So here is what I'm thinking of doing. Please point out any mistakes I'm making. Like I said, I've never done this before. 
1. I've removed all the loose tiles. 
2. I still need to remove some remaining stubborn hardened thinset, but trust me, there isn't much of that. I'm using a hammer and screwdriver, very tedious.
3. Should I clean the original tile with muriatic acid or something harsh like that? I want to make sure I don't have this problem again. I don't want to have to sand it as I would have to do that by hand. 
4. Then from what people at the tile place said I need to put down a coat of Plasterbond. It's blue stuff with a consistency about like salad dressing in a bottle. Has anyone used it before? Does it need to dry before I put the thinset down? I haven't found a reference on the internet to it being used for tile but it seems to be commonly used here. 
5. From reading on the internet I'm confused about what is Modified and Unmodified thinset. Can someone explain that to me? And which should I be using and why? I can't guarantee I'll be able to find it, but I'll look.
6. Sorry, I'm such a novice but do I just spread the thinset on the back of the tile like frosting a cake or do I have to put the streaks through it? Is that called combing? And what is the purpose of that?
7. And I cover the entire tile, right? Not just the center or the edges?
8. Then I put the tile down on the floor, right? Do I wiggle it around and press it down at the same time to get a good connection?
9. If you don't want to answer all these questions, is there a website where they could give me a detailed step by step procedure?
Thanks for any help you can give me. Carole (morlaine)


----------



## oh'mike

"Mud" What Is It? - Kitchen & Bath Remodeling - DIY Chatroom - DIY Home Improvement Forum

This explains thinset very well---in a nutshell--unmodified=just cement and sand--surface must be ideal to use this--

Modified--has powdered latex in the bag and sticks very well over most surfaces

Liquid latex added to unmodified ===stickiest of the three--best for tile over tile--

Muriatic acid---do not do that---the acid will clean the face of the tile---but --if it gets under the tile it will weaken the old thinset and could cause a failure of the old tile--


----------



## Blondesense

Morlain, I'm no expert, having done all of two tile jobs myself, but I'll share what I know.
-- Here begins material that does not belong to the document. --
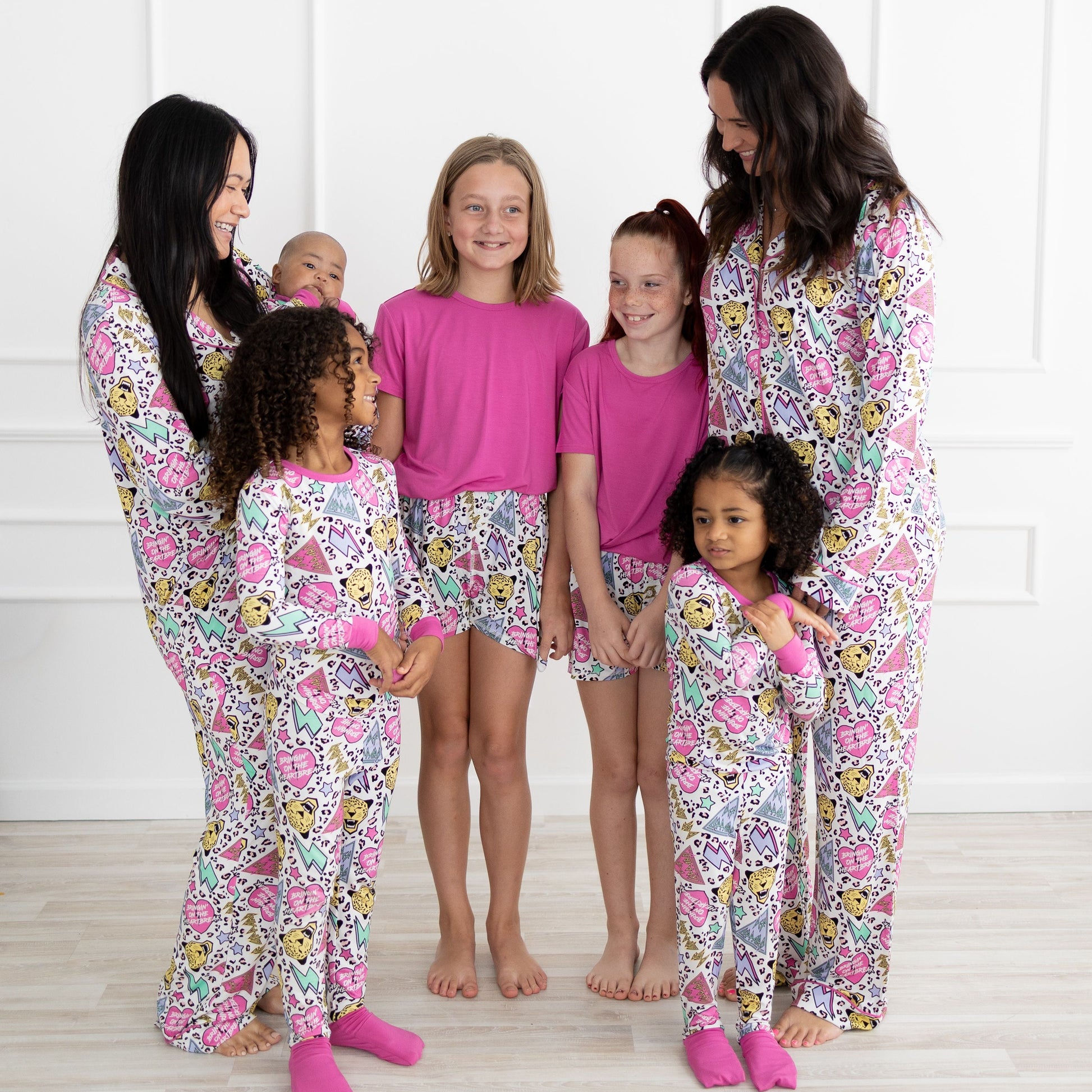 Turn up the volume on bedtime with our Sugar on Me Girls Youth Short Set, created in collaboration with the iconic Def Leppard. With bold, colorful graphics and a playful rock ’n’ roll vibe, this set is perfect for every little fan who loves to dream big. Crafted from our signature bamboo lyocell, it’s buttery-soft, breathable, and stretchy—keeping her cool and comfy whether she’s rocking out by day or snuggling in by night.

First, you might also want to check the rest of your tiles to see if any are loose. If you take a screwdriver or hammer and tap the tiles with the _handle_, loose tiles will give a different hollow sound than secure ones. 
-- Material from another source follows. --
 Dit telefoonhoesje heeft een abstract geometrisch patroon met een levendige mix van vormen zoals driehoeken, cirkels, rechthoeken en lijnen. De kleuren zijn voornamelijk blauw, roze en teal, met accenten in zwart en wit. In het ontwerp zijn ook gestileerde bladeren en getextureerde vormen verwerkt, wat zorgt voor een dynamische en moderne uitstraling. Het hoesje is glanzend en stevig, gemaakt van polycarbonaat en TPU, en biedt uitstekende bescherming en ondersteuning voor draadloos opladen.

Then, yes, you want full coverage on the tile. You need a notched trowel. They come with different size notches depending on the size of your tile. You can either spread it on the floor or you can spread it on the tile. First use the smooth side of the trowel to spread it, then use the notched edge to put the streaks in it. The streaks ensure even coverage of the thinset and better adhesion. And then press it firmly in place. 

One other thing I will mention is to bring one of your old tiles with you when looking for new. You want to make sure there is no significant difference in the thickness of the tile. If anything, you probably want to look for a slightly thinner tile since you will be using more thinset than they did. :whistling2:

Lastly keep in mind that although you could be right that the reason for the failure was lack of thinset, there are other possibilities and there is no guarantee that this problem won't happen again.


----------



## morlaine

*Tile on Tile response to Blondesense*

Hi Blondesense,
Do you live close to Salem MO? I would like some info about southern MO if you have the time. 
Thanks for your post, the info was very helpful. Regards, Carole (morlaine)


----------



## greg.digi

*question about tile over tile*

*ceramic tile over existing tile*

Hi, I have a question about installing ceramic in a bathroom. The room is 5x9. My original plan was to go over the old tile with new. The old tile is solid, flat, and over a mud bed. The problem that came up is that I removed the old tub because of leaks and found some of the 3/4 floor planks rotted. I had to replace them under the tub and had to go 1 full board into the existing tile. SoI had to remove 7" of the old tile and mud. I cut it out pretty clean with a diamond blade. So now I'm left with a void about 7' wide 3' deep to fill in next to the tub. What should I fill this in with and if cement how do I get it th bond to the side of the old tile and mud that was cut? what do I do to avoid this seam as a potential cracking area? Thanks Greg


----------